[Bug]: Android NDK r27 rc2 miscompiles code with indirect gotos
Description
Android NDK r27 rc 2 produces invalid code for any target architecture when compiling with any nonzero optimization level.
Bellow is attached minimized/striped sample that shows the problem (when targeting x86_64 with -O1)

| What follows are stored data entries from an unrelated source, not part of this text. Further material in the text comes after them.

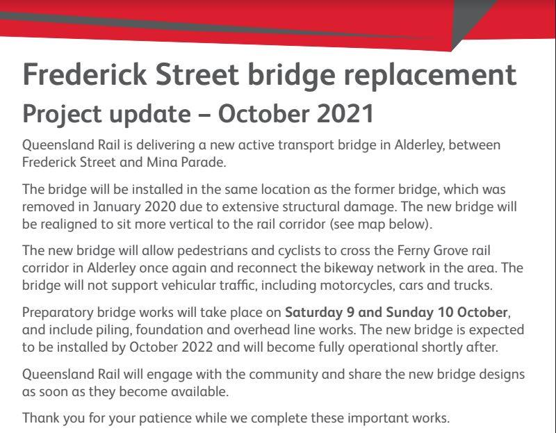 We’re very happy the bridge is being replaced, but a little disappointed that we can’t access any detailed plans, and have not had an opportunity to make recommendations with regards to the connections at either end of the bridge. Hopefully Queensland Rail and Brisbane City Council have been collaborating on this. (Or are we just being fanciful?)
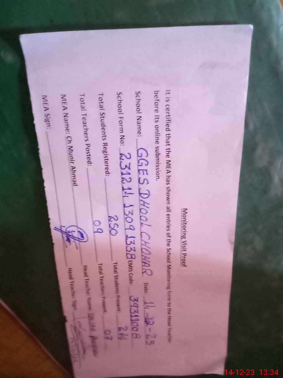 | EMIS Code: 39311008 | Name of School: GGES DHOOL CHOHAR | |||
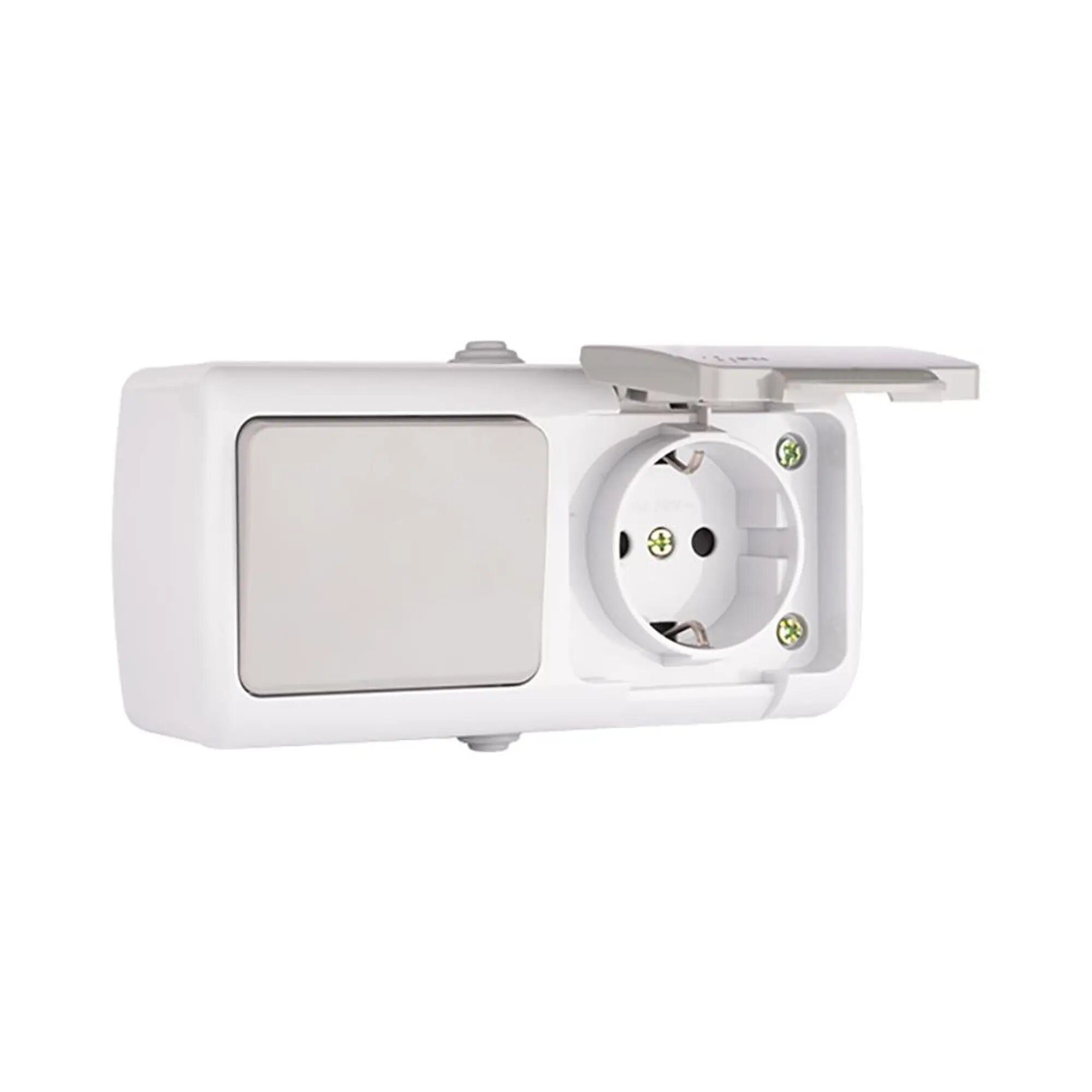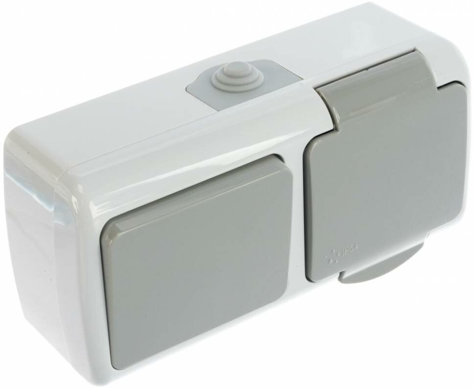 EFRV16-050-30-540 Мурманск Блок розетка 1-м 16А с заземлением с крышкой+ 1-кл выключатель IP54 серый EKF
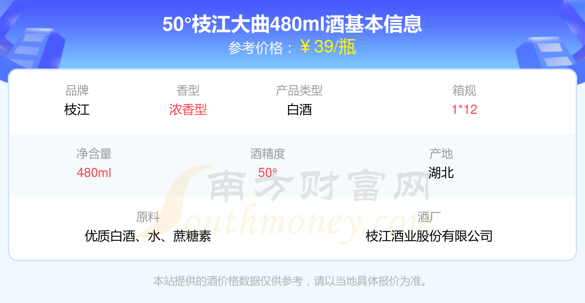 50°枝江大曲480ml基本信息
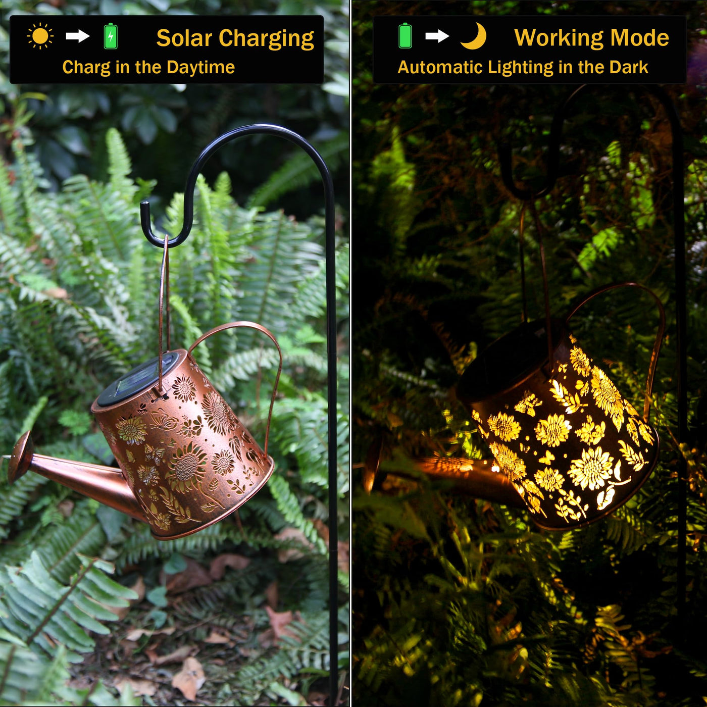 Anytalk Solar Watering Can With Lights, Hanging Solar Waterfall Lights Outdoor Garden Decorations, Waterproof Solar Garden Light

extern int printf(const char *fmt, ...);
int main() {
void* bytecode[2];
bytecode[0] = &&VM__OP_1;
bytecode[1] = &&VM__TERMINATE;
int state = 0;
int index = 0;
while (1) {
switch (state) {
case 0:
goto *bytecode[index];
case 1:
// NOTE: THIS IS ONLY REACHABLE VIA INDIRECT GOTOS
VM__OP_1:
state = 2;
break;
case 2:
printf("OP_1:(instruction=%d)\n", index);
index++;
goto *bytecode[index];
}
}
VM__TERMINATE:
printf("TERMINATE:(instruction=%d)\n", index);
return 0;
}
Link to github project: https://github.com/SanjaLV/ndk-bug-reports/tree/main/r27_rc2
Prerequisites:
- Linux/macOS machine
-
ANDROID_HOMEenv variable that will point to Android SDK root. -
ndk;26.3.11579264/ndk;27.0.11902837installed with SDK manager.

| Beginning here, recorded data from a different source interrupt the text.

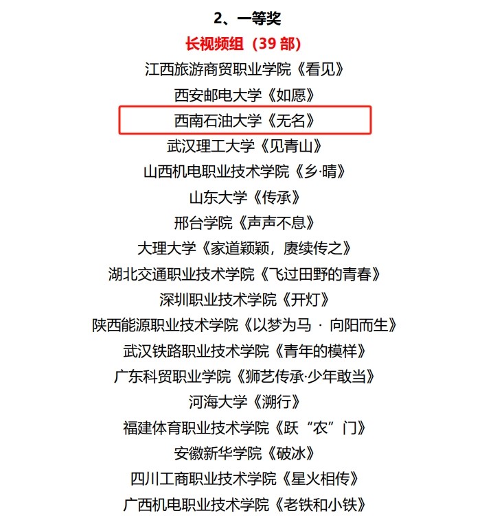微電影《無名》獲獎(jiǎng)公示
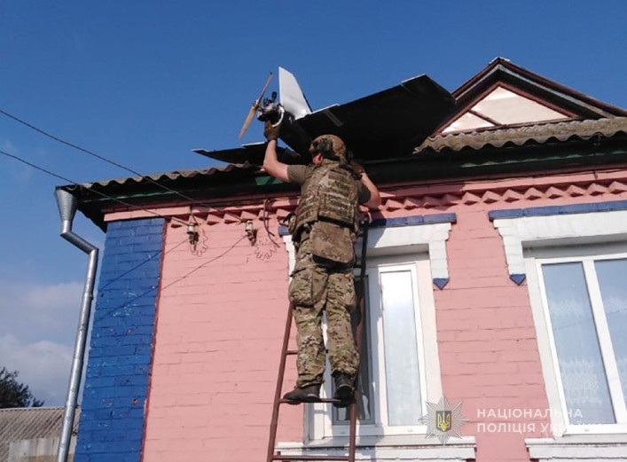 У Сумському районі під час чергової російської атаки ворожий безпілотник впав просто на дах приватного будинку. На щастя, вибуху не сталося, і ніхто не постраждав. На місце події прибула мобільна група вибухотехніків поліції Сумської області.
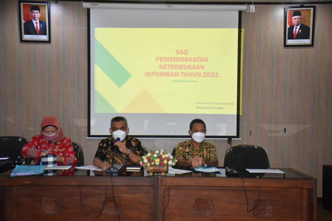 Sekretaris Daerah Kabupaten Karanganyar, Sutarno, didampingi Kepala dan Sekretaris Diskominfo Kabupaten Karanganyar memimpin rapat koordinasi pengisian SAQ 2021 di Ruang Podang 2, Kantor Bupati Karanganyar
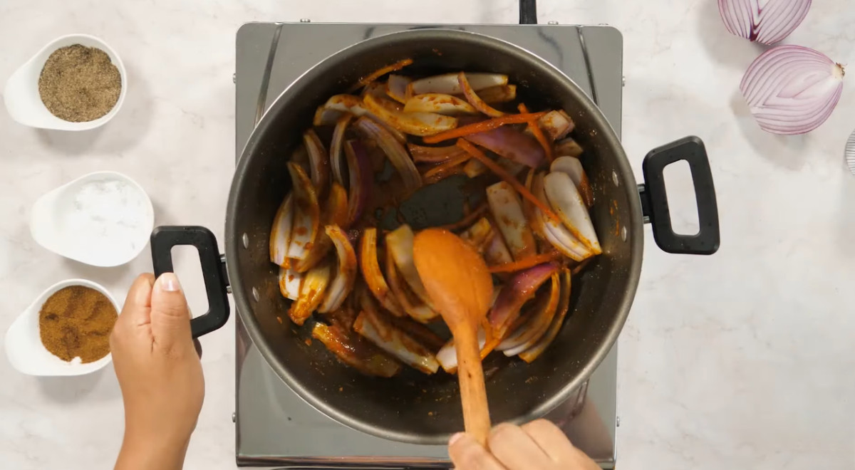 - Agregar la cebolla, el ají amarillo en tiras, las hojas de laurel, el vinagre tinto y el caldo de pollo. Cocinar hasta que las cebollas estén suaves.
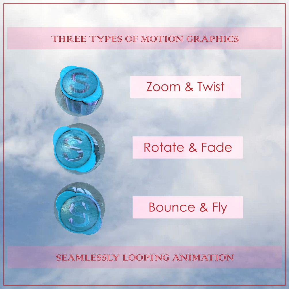 Three 3D Motion graphics. 5 seconds duration each video clip.
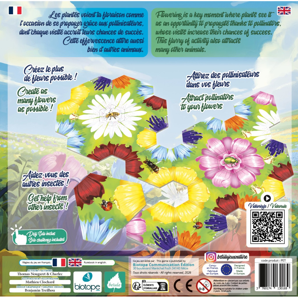 When a flower is formed, add a pollinator of the same color to its center and continue, on your next turn, to expand your flower bed by connecting other petals (tiles).
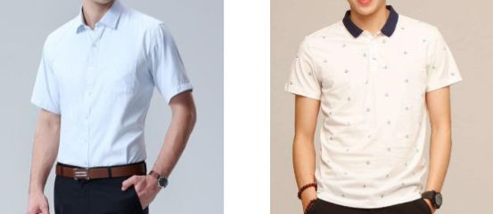 男士夏季尽量选择带领的服装,衬衫或保罗衫(上网搜索 “男士 POLO衫”),下身搭配西裤即可。如下图:
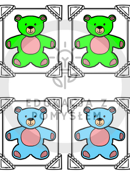 - 10 kart z elementami graficznymi w ramkach, odpowiednimi dla każdej z liczb (słowny zapis liczby, liczba oczek na kości do gry, liczba w odpowiedniej ilości patyczków, liczba w odpowiednim zbiorze przedmiotów- niedźwiedzi).
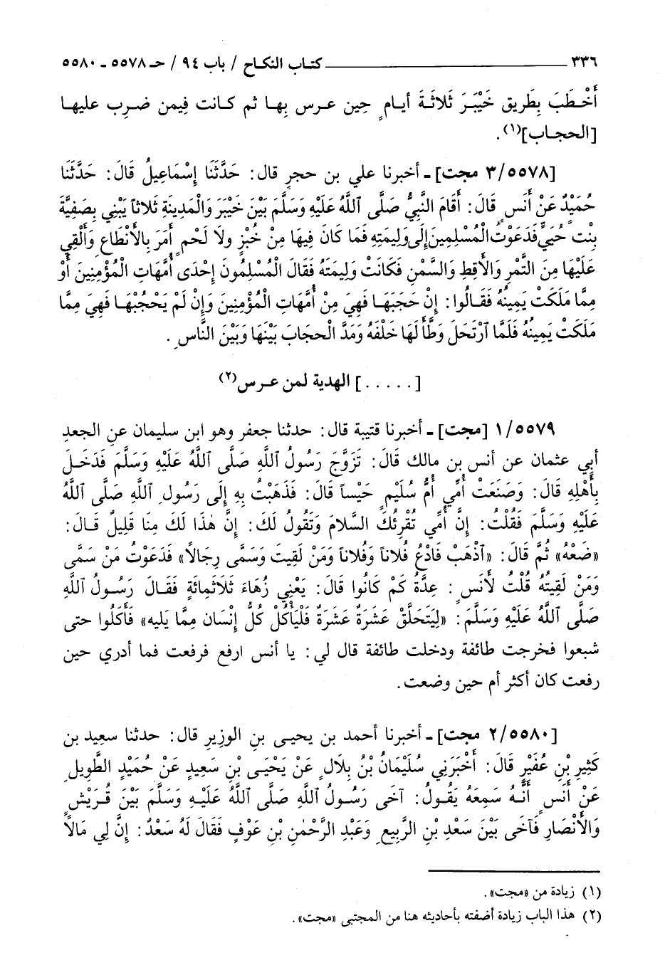 5578 - أخبرنا علي بن حجر قال حدثنا إسماعيل قال حدثنا حميد عن أنس قال : أقام النبي صلى الله عليه و سلم بين خيبر والمدينة ثلاثا يبني بصفية بنت حيي فدعوت المسلمين إلى وليمته فما كان فيها من خبز ولا لحم أمر بالأنطاع وألقي عليها من التمر والأقط والسمن فكانت وليمته فقال المسلمون إحدى أمهات المؤمنين أو مما ملكت يمينه فقالوا إن حجبها فهي من أمهات المؤمنين وإن لم يحجبها فهي مما ملكت يمينه فلما ارتحل وطأ لها خلفه ومد الحجاب بينها وبين الناس

How to reproduce (invalid code):
- Run
make localand observe correct behavior with system compiler - Run
make r26and observe correct behavior when compiling with NDK r26d - Run
make r27and observe incorrect program behavior. - Run
optnoneand observe correct behavior withO0optimization level.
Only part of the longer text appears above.